El peligro no está en hacer cosas para la iglesia, sino en olvidar el propósito de esas acciones: transformar vidas.
Jesús no nos llamó solo a organizarnos, sino a involucrarnos en el dolor humano.
Las enseñanzas que no podemos ignorar
Para tener credibilidad, los seguidores de Cristo deben vivir conforme a sus enseñanzas. En medio del caos, Jesús nos dejó un mandato claro: amar.
Cuando vemos a alguien necesitado, no debemos preguntarnos por su origen, su ideología o su condición, sino qué podemos hacer para ayudar.
Curiosamente, muchas personas fuera del cristianismo están viviendo estos principios sin siquiera darse cuenta. Si Jesús les dijera que lo hicieron por Él, probablemente se sorprenderían.
Esto debería llevarnos a una reflexión profunda sobre nuestra propia vida espiritual.
Conclusión: vivir como ovejas
Tal vez no siempre sepamos si debemos involucrarnos en ciertas situaciones específicas, pero sí sabemos lo esencial.

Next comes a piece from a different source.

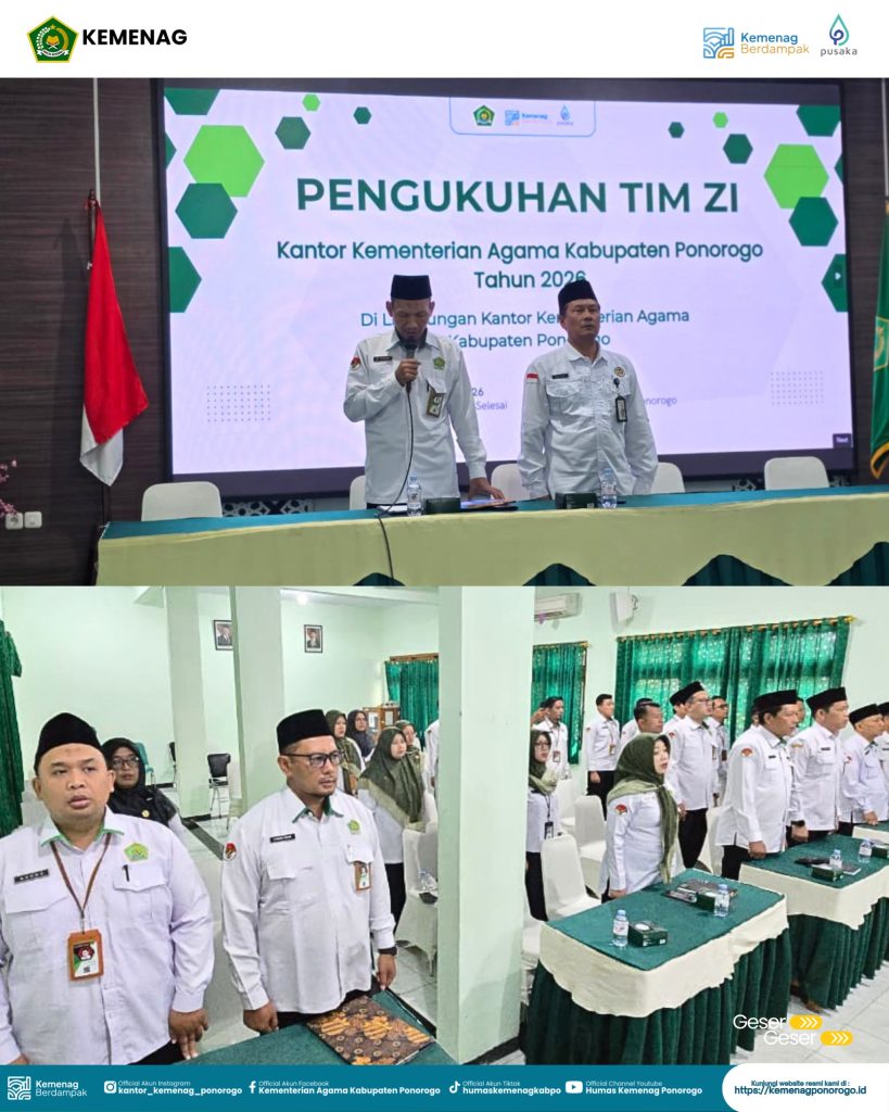 Ponorogo — Kementerian Agama Kabupaten Ponorogo menggelar kegiatan Pengukuhan Tim Zona Integritas (ZI) Tahun 2026 yang dirangkaikan dengan Rapat Koordinasi dan Evaluasi ZI Triwulan I Tahun 2026 pada Senin (13/04/2026).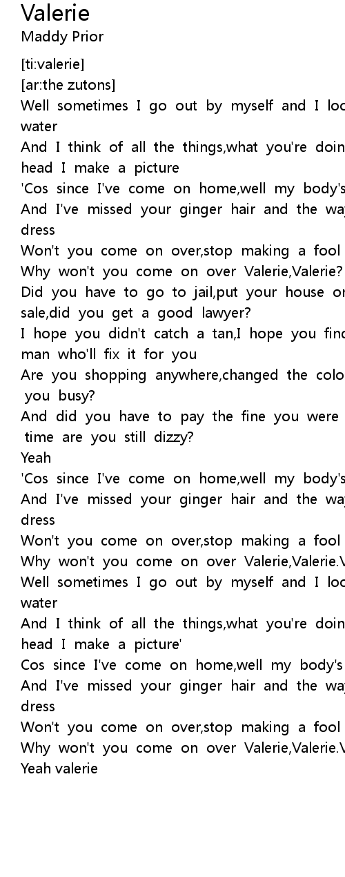 Why won't you come on over Valerie,Valerie.Valerie,Valerie? |

Debemos buscar a quienes sufren, a quienes tienen hambre, a quienes viven con miedo, a quienes cargan dolor físico o emocional, y actuar.
Ahí es donde está Jesús.
Ahí es donde se vive el Evangelio.
Ser una oveja no es una etiqueta, es una forma de vida.
Y si ignoramos esas oportunidades, corremos el riesgo de buscar a Cristo en lugares equivocados, mientras Él está justo frente a nosotros, en el rostro del necesitado.